Aim of the exercise
Set the data down again, exactly as it reads, but without the pictures.

(Excerpts from a dataset)

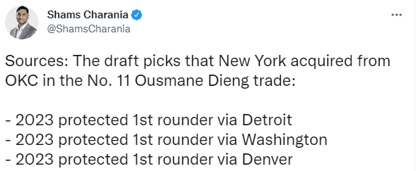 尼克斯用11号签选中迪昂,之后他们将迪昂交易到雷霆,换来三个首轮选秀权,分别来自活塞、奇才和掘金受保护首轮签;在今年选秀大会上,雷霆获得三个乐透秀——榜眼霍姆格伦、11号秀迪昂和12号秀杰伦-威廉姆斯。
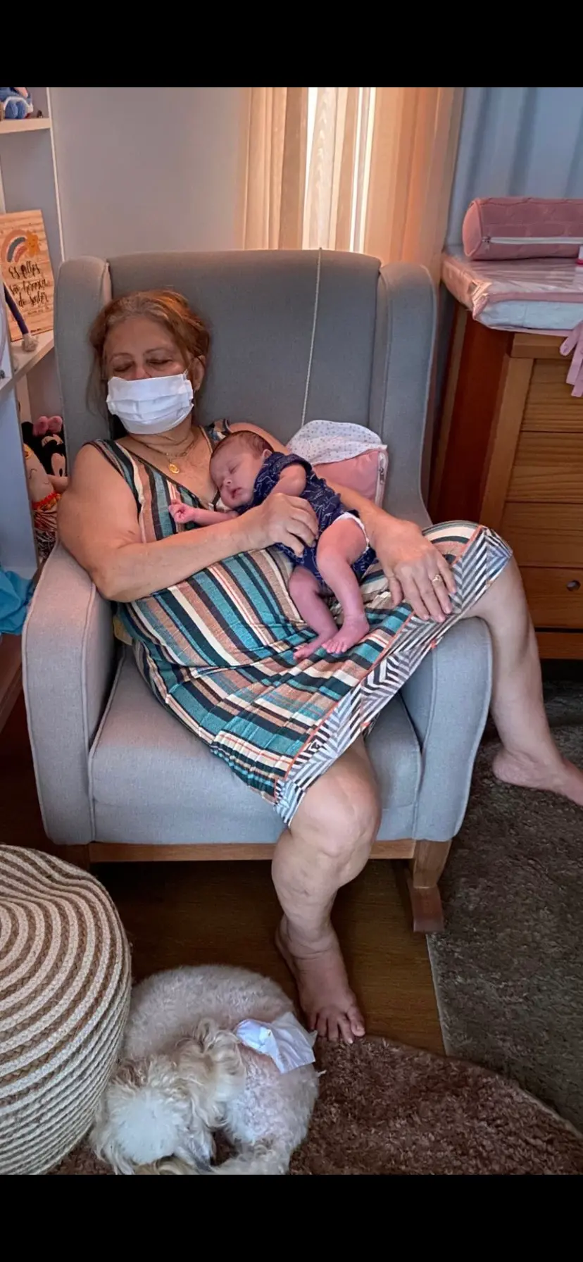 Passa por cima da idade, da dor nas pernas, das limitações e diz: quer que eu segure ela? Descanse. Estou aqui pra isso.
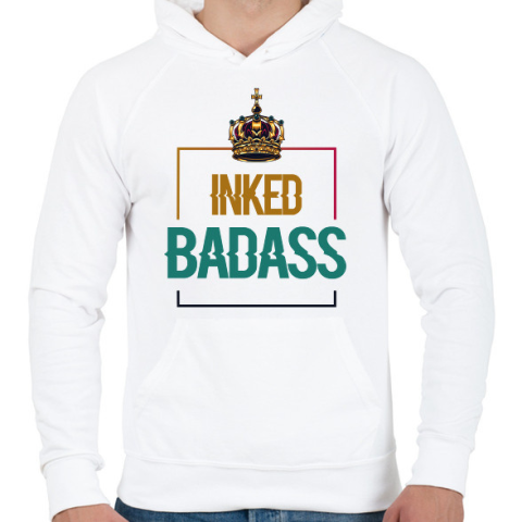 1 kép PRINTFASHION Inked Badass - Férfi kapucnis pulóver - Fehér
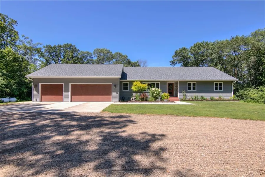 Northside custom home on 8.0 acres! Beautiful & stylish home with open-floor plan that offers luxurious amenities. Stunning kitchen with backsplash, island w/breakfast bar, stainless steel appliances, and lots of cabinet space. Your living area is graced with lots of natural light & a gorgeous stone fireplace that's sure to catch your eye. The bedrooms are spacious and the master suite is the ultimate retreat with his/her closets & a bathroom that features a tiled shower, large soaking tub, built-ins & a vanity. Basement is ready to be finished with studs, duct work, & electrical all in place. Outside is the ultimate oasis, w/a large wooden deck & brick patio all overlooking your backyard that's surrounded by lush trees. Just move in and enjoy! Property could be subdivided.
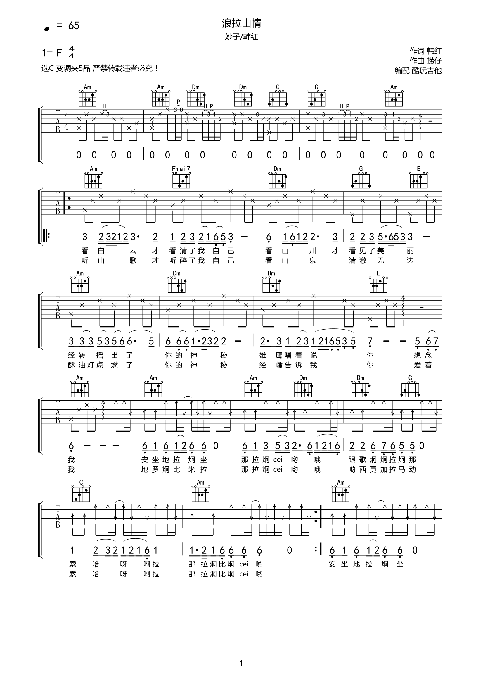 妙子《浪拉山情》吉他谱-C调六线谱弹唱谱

Exercise solution
 尼克斯用11号签选中迪昂,之后他们将迪昂交易到雷霆,换来三个首轮选秀权,分别来自活塞、奇才和掘金受保护首轮签;在今年选秀大会上,雷霆获得三个乐透秀——榜眼霍姆格伦、11号秀迪昂和12号秀杰伦-威廉姆斯。
 Passa por cima da idade, da dor nas pernas, das limitações e diz: quer que eu segure ela? Descanse. Estou aqui pra isso.
 1 kép PRINTFASHION Inked Badass - Férfi kapucnis pulóver - Fehér
 Northside custom home on 8.0 acres! Beautiful & stylish home with open-floor plan that offers luxurious amenities. Stunning kitchen with backsplash, island w/breakfast bar, stainless steel appliances, and lots of cabinet space. Your living area is graced with lots of natural light & a gorgeous stone fireplace that's sure to catch your eye. The bedrooms are spacious and the master suite is the ultimate retreat with his/her closets & a bathroom that features a tiled shower, large soaking tub, built-ins & a vanity. Basement is ready to be finished with studs, duct work, & electrical all in place. Outside is the ultimate oasis, w/a large wooden deck & brick patio all overlooking your backyard that's surrounded by lush trees. Just move in and enjoy! Property could be subdivided.
 妙子《浪拉山情》吉他谱-C调六线谱弹唱谱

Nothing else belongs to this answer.